Should Columbus Day be celebrated in The United States of America?
Everyone thinks they know about Columbus — we even had a day off from school about a month ago to celebrate his life and work. And while we acknowledge Christopher Columbus, the navigator and explorer, we can not ignore Christopher Columbus, the slave trader and terrorist.
Our focus is also on The Taino, the indigenous people who once populated the Caribbean, and whose textbook history has been rendered invisible. After analyzing journals, timelines, and other documents, we formed groups to examine the shared responsibility of the annihilation of a once thriving people. Columbus, Columbus’s men, King Ferdinand & Queen Isabella of Spain, The System of Empire, and even The Taino, themselves, were all indicted in our Humanities Court of Law.
In each group, we created a written document that detailed the Context, Defense, Accusation, and Conclusion based on the indictments. On Day One of the trial, each group presented their CONTEXT and DEFENSE. Everyone in the class took notes and we asked clarifying questions about the CONTEXT and DEFENSE only. After each group presented, there was time for crossfire questioning between groups.

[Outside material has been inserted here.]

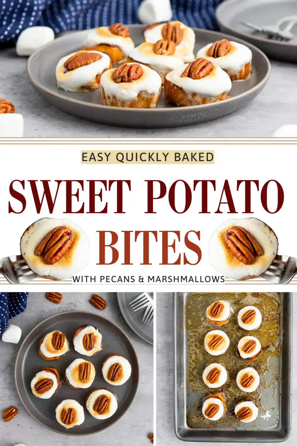 These Baked Sweet Potato Bites use basic ingredients to make a tasty snack or side dish for the whole family. They're crispy on the outside, soft in the middle, and topped with marshmallows and pecans for a simple mix of sweet and crunchy.

On Day Two, each group presented their ACCUSATION and CONCLUSION, with additional questions again when all groups were finished.
Some other information of note is that this trial proceeded without the use of prosecutors. Each group’s defense relied solely on their own statements. We also proceeded without a jury due to the remote nature of the trial this year. Students were responsible for creating their own characterizations for their roles, including costumes and props. They were encouraged to empty out closets and junk drawers at home, not Amazon Prime! Special thanks goes to Xhenete Osmani for capturing screen shots of our trial!
So, it is vital to reconsider Christopher Columbus’s contributions and iconic status. It is important to challenge traditional thinking, especially when we are faced with irrefutable proof that the tradition in question must end. When we ask, who is responsible? The answer is that we must unravel unpleasant truths in our own American Mythologies. We must examine our belief systems, traditions, and “own” and correct the injustices of the past. And what should be done about Columbus Day? Some states and cities in our Union have taken upon themselves to re-name the day to reflect remembrance of indigenous peoples. Others, (like our own New York) continue to celebrate Christopher Columbus, although they are often met with protest. Recognition and admission of past wrongs are the only way we will move forward as a society towards the peace that should be a right for all and never a privilege just for some.